[Dataset entries]
════════
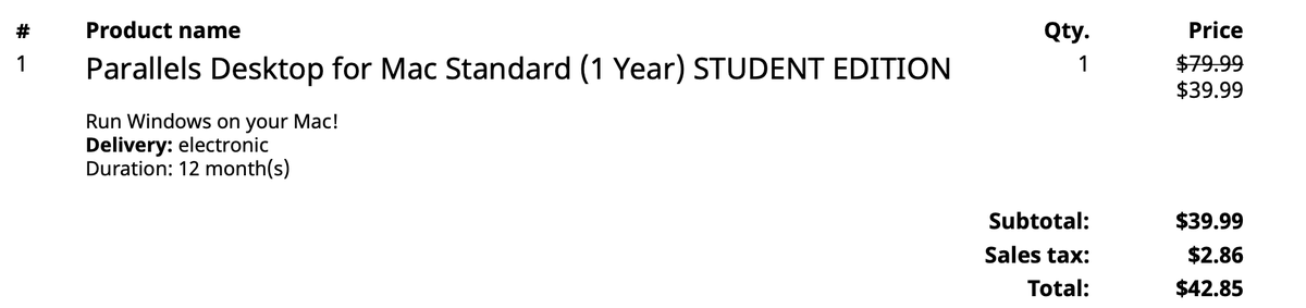 Parrallels Desktop student edition set me back $40.
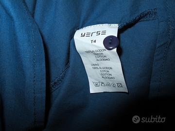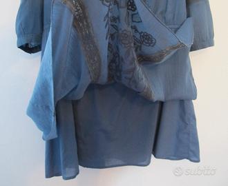 Vestitino corto stile country / boho di un bel colore blu con maniche al gomito. Romantico e ben rifinito. Ideale per l'estate, è leggero e fresco al tatto: sia l'abito che la sottogonna sono in 100% cotone. Marca Yerse. Veste L, si adatta grazie all'elastico in vita. Non so a cosa corrisponda la taglia 4 spagnola esattamente, ma riporto le misure. Misura da spalla a orlo della gonna: 92 cm. Misura da elastico in vita a orlo della gonna: 51 cm. Misura girovita: 90 cm. Lunghezza manica: 45 cm. Misura da scella ad ascella: 52 cm. Lavato ma mai indossato, vendo per cambio taglia. Pagato 40 euro all'epoca. Contattatemi se avete bisogno di ulteriori foto o info. Ritiro a mano o spedizione con TuttoSubito.
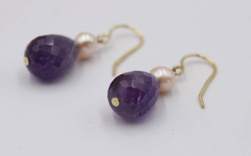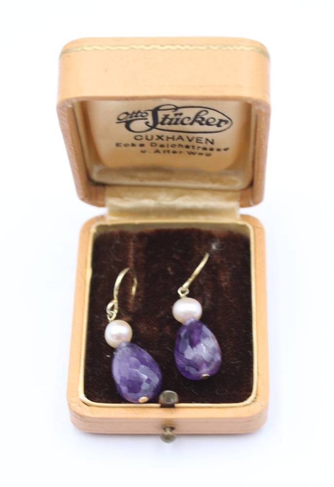 Paar Ohrhänger mit Perle und Amethyst, ca. L-3,5cm
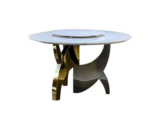 小红书系列 轻奢 桌面:天然石+绒布底板脚架:不锈钢镜面 【配转盘】1.35米餐桌¥16671
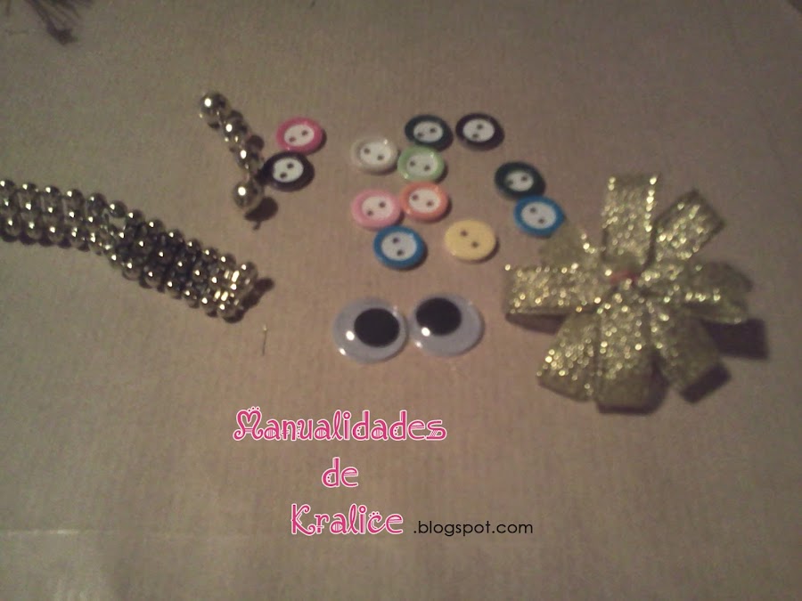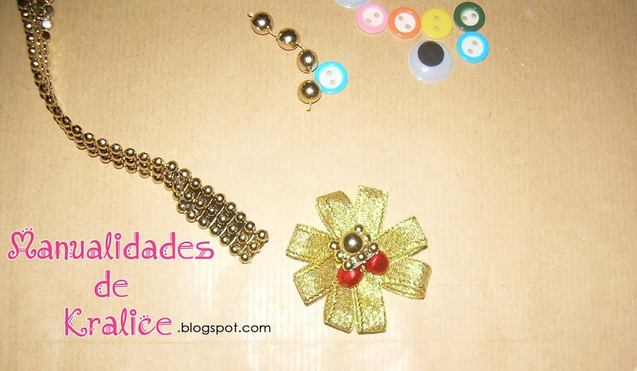 Cinta dorada, cascabeles, un cuadradito decorativo y una bolita para el lacito
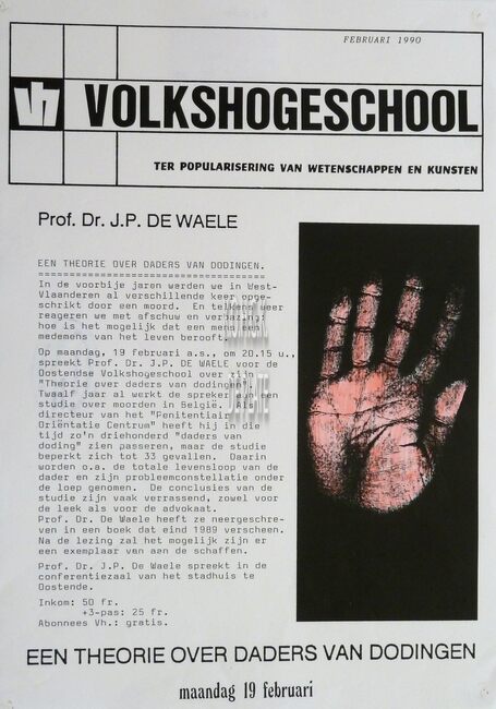 Affiche : Volkshogeschool. Een theorie over daders van dodingen. Conferentiezaal stadhuis Oostende. 19/02/1990
════════
[Required work]: Return every entry above word for word, and include no images.

[Output below]:
 Parrallels Desktop student edition set me back $40.
 Vestitino corto stile country / boho di un bel colore blu con maniche al gomito. Romantico e ben rifinito. Ideale per l'estate, è leggero e fresco al tatto: sia l'abito che la sottogonna sono in 100% cotone. Marca Yerse. Veste L, si adatta grazie all'elastico in vita. Non so a cosa corrisponda la taglia 4 spagnola esattamente, ma riporto le misure. Misura da spalla a orlo della gonna: 92 cm. Misura da elastico in vita a orlo della gonna: 51 cm. Misura girovita: 90 cm. Lunghezza manica: 45 cm. Misura da scella ad ascella: 52 cm. Lavato ma mai indossato, vendo per cambio taglia. Pagato 40 euro all'epoca. Contattatemi se avete bisogno di ulteriori foto o info. Ritiro a mano o spedizione con TuttoSubito.
 Paar Ohrhänger mit Perle und Amethyst, ca. L-3,5cm
 小红书系列 轻奢 桌面:天然石+绒布底板脚架:不锈钢镜面 【配转盘】1.35米餐桌¥16671
 Cinta dorada, cascabeles, un cuadradito decorativo y una bolita para el lacito
 Affiche : Volkshogeschool. Een theorie over daders van dodingen. Conferentiezaal stadhuis Oostende. 19/02/1990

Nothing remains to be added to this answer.